■ Task directions
In the records below, the lines between the one holding "長さ12㎝のシャフトを追加す" and the one holding "2024年4月15日 | |", inclusive, are to be transcribed exactly; no pictures are to be included.

___ Record excerpts ___

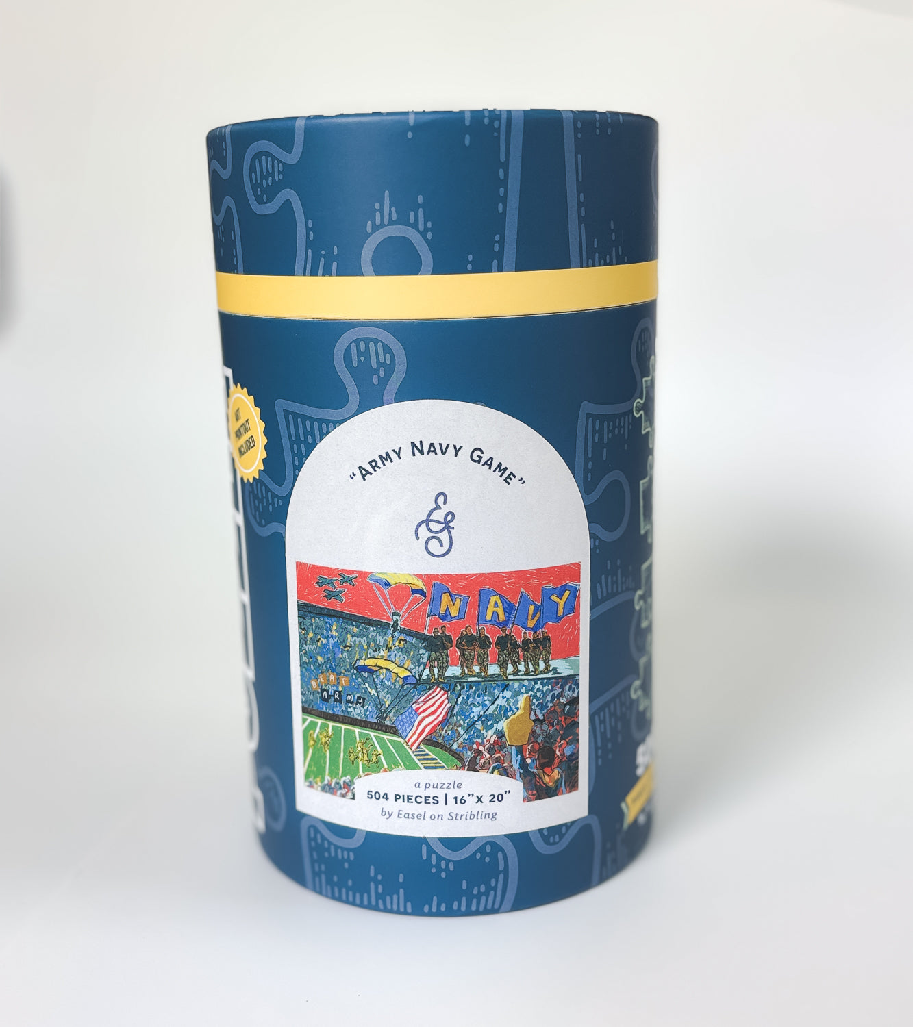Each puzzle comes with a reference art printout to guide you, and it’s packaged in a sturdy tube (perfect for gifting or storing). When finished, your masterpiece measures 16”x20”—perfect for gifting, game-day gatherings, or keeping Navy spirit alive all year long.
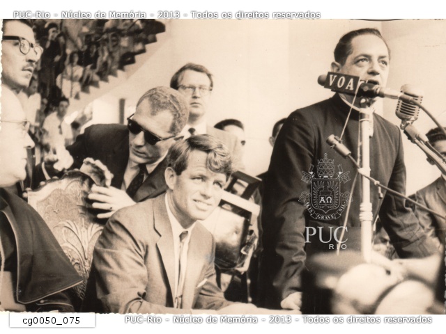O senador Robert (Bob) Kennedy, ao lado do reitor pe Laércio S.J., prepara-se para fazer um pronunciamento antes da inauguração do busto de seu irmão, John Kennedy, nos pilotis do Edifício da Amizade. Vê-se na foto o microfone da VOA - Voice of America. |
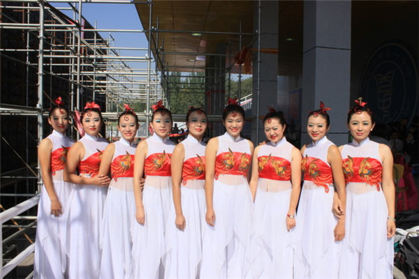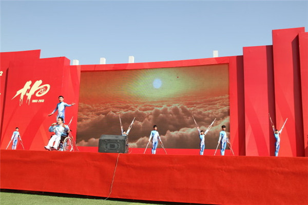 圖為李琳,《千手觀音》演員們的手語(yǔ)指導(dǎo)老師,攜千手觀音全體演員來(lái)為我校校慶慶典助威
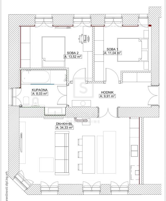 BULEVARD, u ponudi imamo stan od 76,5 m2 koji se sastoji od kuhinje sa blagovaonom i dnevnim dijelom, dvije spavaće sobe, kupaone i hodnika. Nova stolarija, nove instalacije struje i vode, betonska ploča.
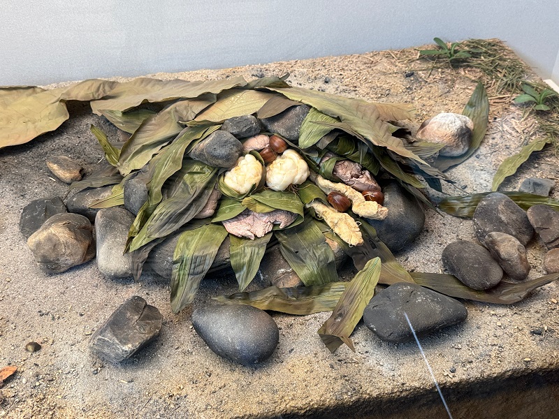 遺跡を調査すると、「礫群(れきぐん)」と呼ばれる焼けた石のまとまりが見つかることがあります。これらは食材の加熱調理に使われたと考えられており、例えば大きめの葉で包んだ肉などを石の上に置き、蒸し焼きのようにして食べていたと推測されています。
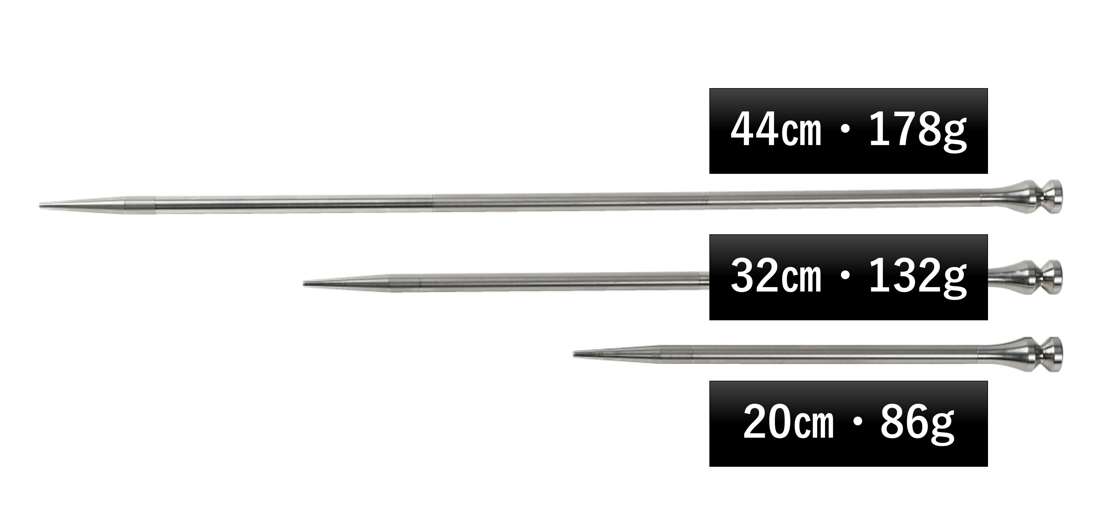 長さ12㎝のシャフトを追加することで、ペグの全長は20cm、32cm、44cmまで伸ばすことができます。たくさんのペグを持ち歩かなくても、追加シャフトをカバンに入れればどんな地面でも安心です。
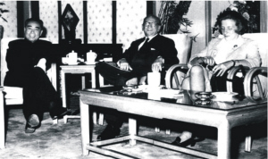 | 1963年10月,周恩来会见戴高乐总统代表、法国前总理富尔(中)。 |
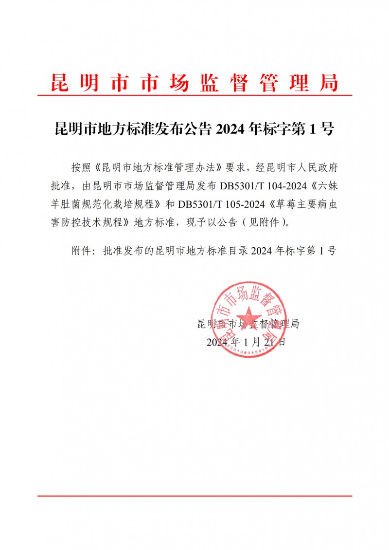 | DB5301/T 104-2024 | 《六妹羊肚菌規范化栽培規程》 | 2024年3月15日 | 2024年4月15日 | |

___
___ Record excerpts ___

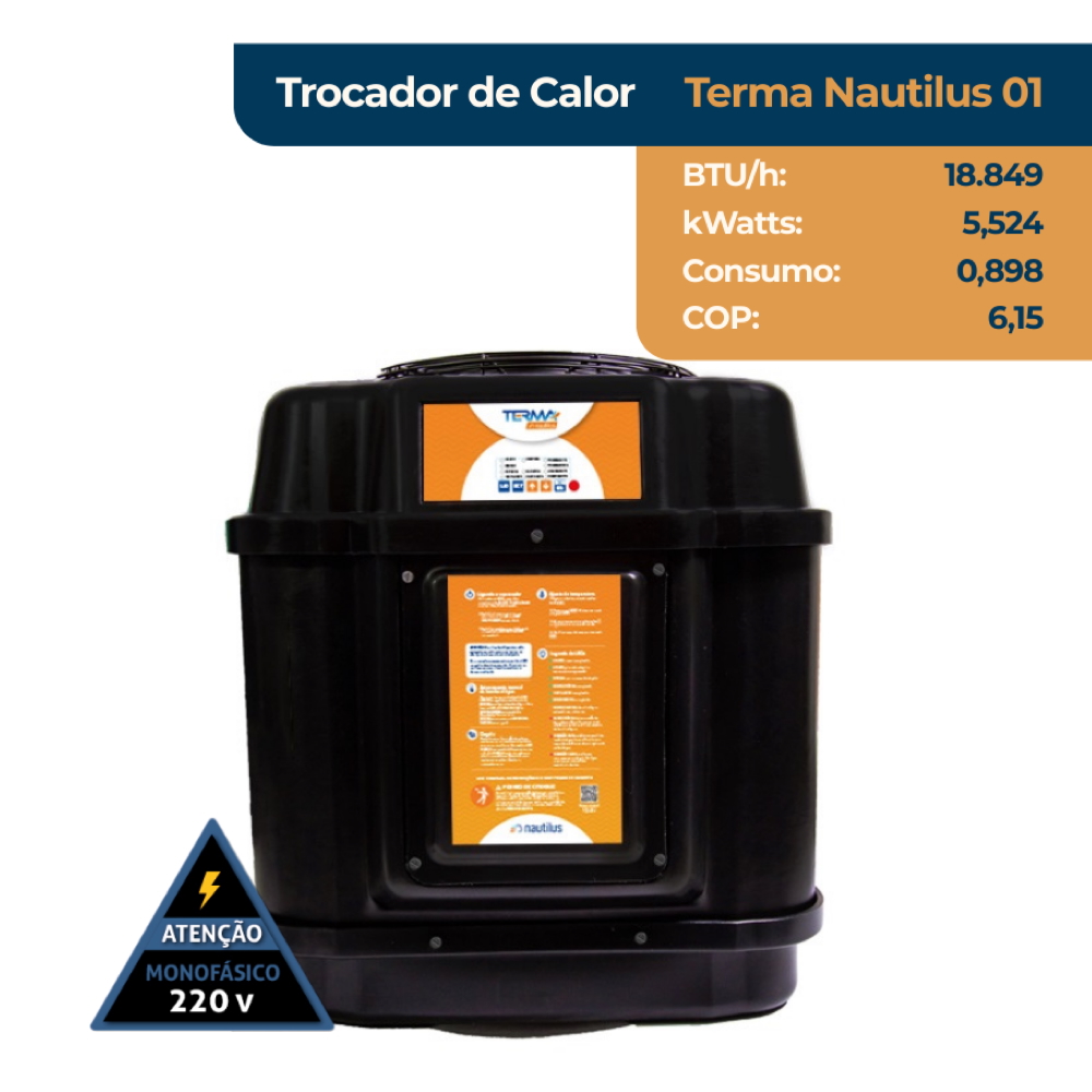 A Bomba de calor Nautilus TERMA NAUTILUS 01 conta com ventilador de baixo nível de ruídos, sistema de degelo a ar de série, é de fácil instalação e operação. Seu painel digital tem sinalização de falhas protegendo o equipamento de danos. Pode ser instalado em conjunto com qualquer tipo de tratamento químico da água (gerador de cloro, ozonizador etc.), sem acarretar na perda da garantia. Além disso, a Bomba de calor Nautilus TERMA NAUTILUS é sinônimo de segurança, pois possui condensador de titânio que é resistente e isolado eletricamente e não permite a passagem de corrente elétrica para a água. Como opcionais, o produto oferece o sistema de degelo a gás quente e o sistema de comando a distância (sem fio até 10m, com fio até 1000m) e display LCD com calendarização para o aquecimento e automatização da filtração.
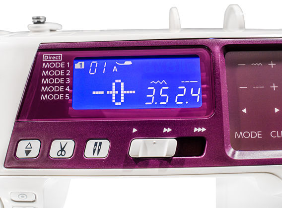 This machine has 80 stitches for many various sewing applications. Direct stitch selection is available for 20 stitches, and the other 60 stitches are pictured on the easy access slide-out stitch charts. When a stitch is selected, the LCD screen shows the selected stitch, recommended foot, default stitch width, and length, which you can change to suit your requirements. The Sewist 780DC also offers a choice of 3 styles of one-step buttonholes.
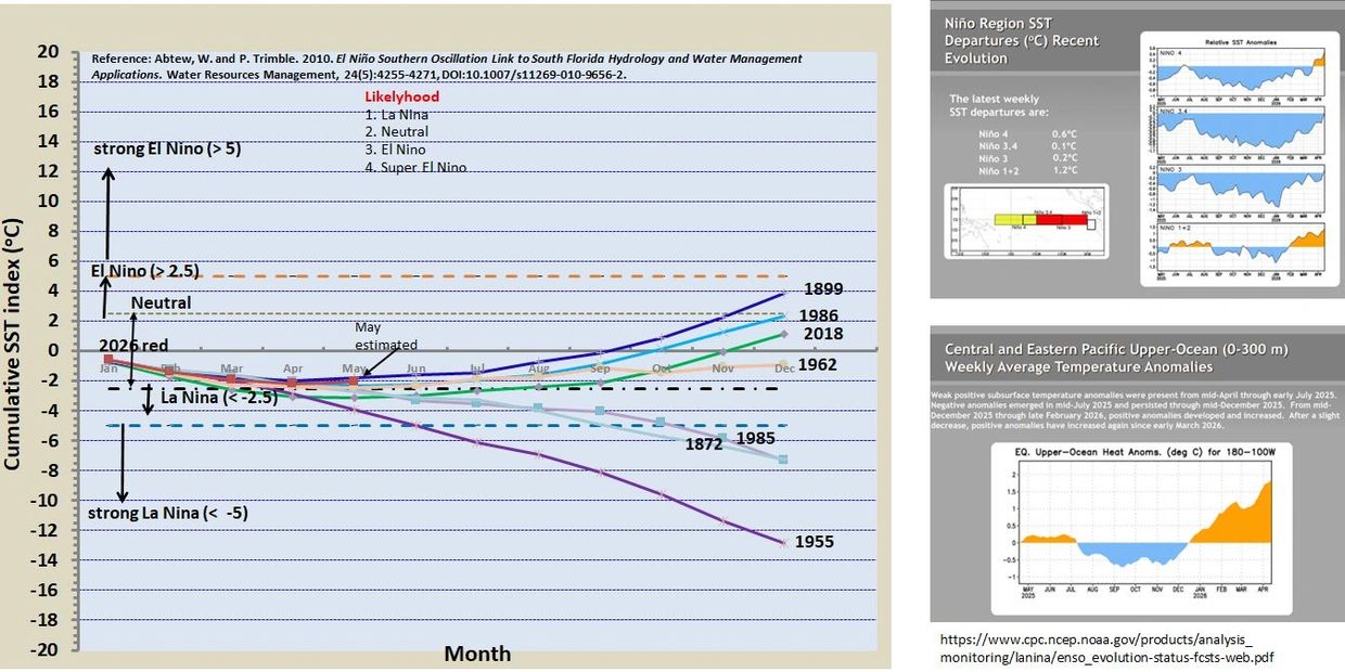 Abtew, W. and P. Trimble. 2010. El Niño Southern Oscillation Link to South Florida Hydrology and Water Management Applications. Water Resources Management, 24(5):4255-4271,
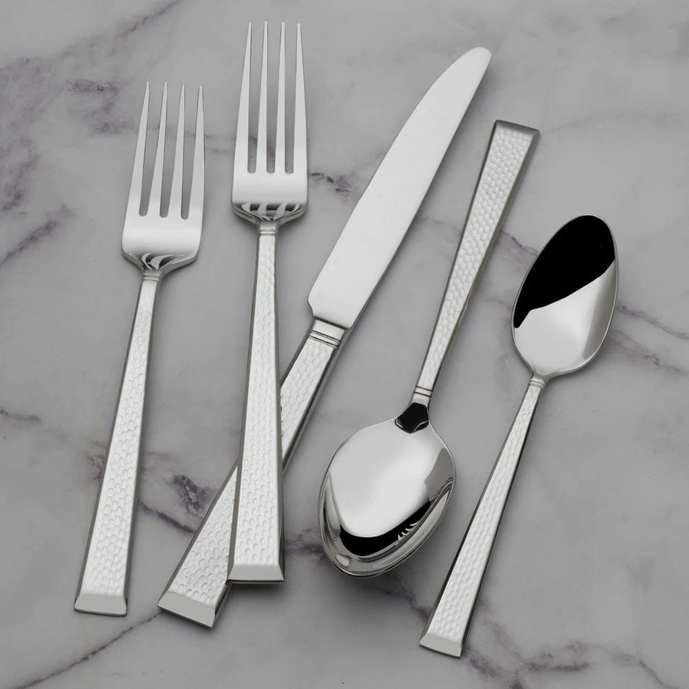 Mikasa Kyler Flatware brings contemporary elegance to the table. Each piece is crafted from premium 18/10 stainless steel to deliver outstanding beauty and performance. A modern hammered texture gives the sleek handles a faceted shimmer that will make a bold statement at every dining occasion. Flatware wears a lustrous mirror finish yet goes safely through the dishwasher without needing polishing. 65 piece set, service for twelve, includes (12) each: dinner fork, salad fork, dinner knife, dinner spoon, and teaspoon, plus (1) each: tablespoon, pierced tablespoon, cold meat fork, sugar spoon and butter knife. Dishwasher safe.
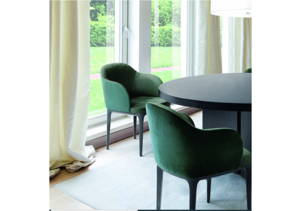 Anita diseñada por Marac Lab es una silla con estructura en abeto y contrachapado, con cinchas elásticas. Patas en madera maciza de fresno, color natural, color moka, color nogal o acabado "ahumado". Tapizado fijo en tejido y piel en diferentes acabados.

___
___ Record excerpts ___

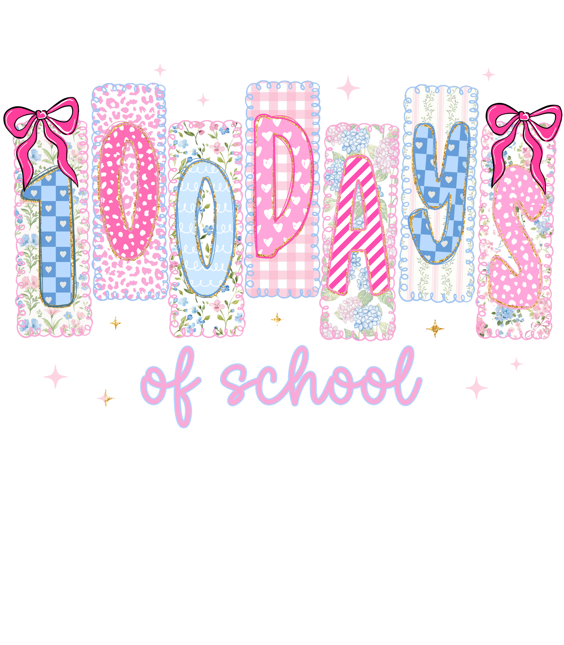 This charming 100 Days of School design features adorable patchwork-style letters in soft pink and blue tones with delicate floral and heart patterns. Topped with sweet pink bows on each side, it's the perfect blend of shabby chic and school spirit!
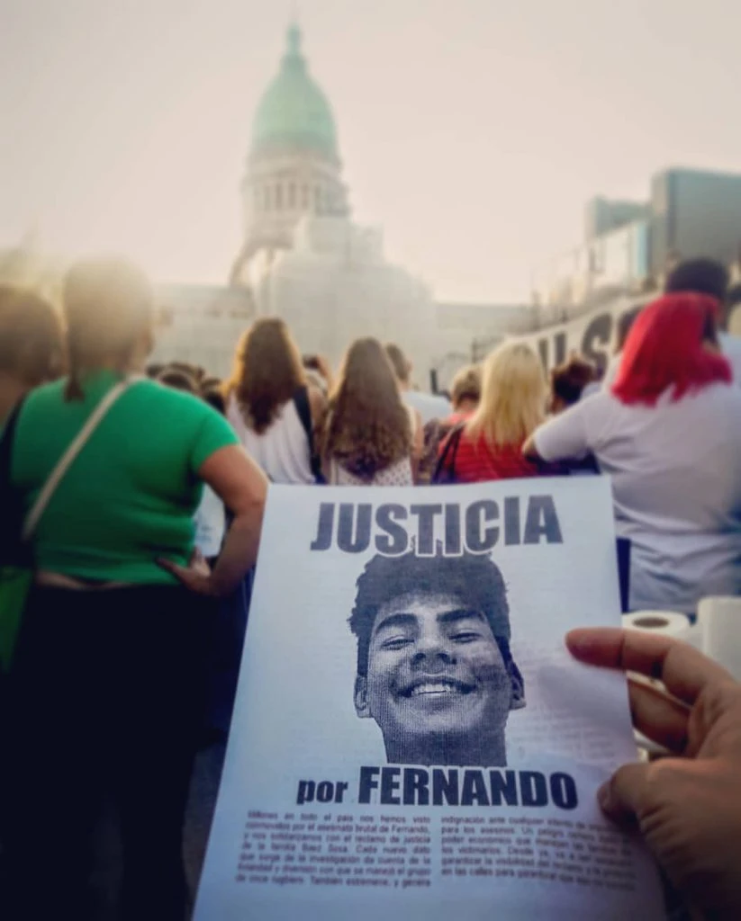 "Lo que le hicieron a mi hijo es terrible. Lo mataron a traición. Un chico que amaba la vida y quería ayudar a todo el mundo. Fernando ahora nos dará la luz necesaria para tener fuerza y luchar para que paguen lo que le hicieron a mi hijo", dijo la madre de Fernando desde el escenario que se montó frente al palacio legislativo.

___

■ Reply
 長さ12㎝のシャフトを追加することで、ペグの全長は20cm、32cm、44cmまで伸ばすことができます。たくさんのペグを持ち歩かなくても、追加シャフトをカバンに入れればどんな地面でも安心です。
 | 1963年10月,周恩来会见戴高乐总统代表、法国前总理富尔(中)。 |
 | DB5301/T 104-2024 | 《六妹羊肚菌規范化栽培規程》 | 2024年3月15日 | 2024年4月15日 | |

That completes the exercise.